Scraping GitHub Contributor Emails
2022-07-21 update: Note that I discovered a better way to do this, check out Scrape Contributor Emails From Any Git Repository
When setting up Git on the command line, you are asked for your email. When pushing commits to GitHub, the email you are using for Git gets pushed along with your code as part of the metadata. While your GitHub email does not publicly show when viewing a repository’s commits, it does come up when viewing commits using the GitHub API.
This presents a privacy risk and the potential for someone to find the email associated with your GitHub account. I wanted to see how easily someone could do this so I created a scraper to do this for me. It turns out it’s not hard to scrape commits for emails that are otherwise hidden from public view.
I don’t plan on doing anything malicious with this script or the emails collected. I did this out of curiosity and for demonstrational purposes.
The scraper I created is below. Instructions can be found on the README:
Scraping for Emails
By running the script, I can scrape for emails found in each commit for a given repository:
$ ruby main.rb -u torvalds -r linux +-------------------+ | GitHub | | Email | | Scraper | +-------------------+ Scraping https://github.com/torvalds/linux/ Rate limit exceeded. Pages scraped: 1-46 out of 10449 53 emails written to torvalds-linux.txt
Just like that, I’ve scraped several emails. It’s not much, and I could get a lot more if I bothered to authenticate to prevent rate limiting. A patient scraper could simply run this periodically to get as many emails as possible.

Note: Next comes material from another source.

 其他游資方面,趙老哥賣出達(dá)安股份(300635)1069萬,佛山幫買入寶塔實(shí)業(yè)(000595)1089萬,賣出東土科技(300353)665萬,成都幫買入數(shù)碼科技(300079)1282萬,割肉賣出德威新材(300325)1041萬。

So what can we do about this?
Hiding your Email in GitHub Commits
You can choose to hide your email when performing Git operations on the GitHub site as well as the command line. There are two checkboxes you’ll need to tick. Instructions are below:
Next, you’ll need to change your email Git uses on your machine to the
@users.noreply.github.com email that GitHub provided in the previous step. Run the following:
$ git config --global user.email "email@example.com"

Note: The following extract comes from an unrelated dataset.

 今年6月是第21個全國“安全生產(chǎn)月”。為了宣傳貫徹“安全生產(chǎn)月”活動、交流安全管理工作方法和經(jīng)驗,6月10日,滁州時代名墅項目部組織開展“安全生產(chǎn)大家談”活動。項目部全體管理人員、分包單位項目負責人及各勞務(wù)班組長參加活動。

Then verify that the email has been set:
$ git config --global user.email firstname.lastname@example.org
Now your actual email will be hidden from Git commits that have been pushed from your machine as well as any Git operations on GitHub. Note that your email will still show up in older commits that were pushed before these changes. However, this will still improve your privacy on GitHub going forward.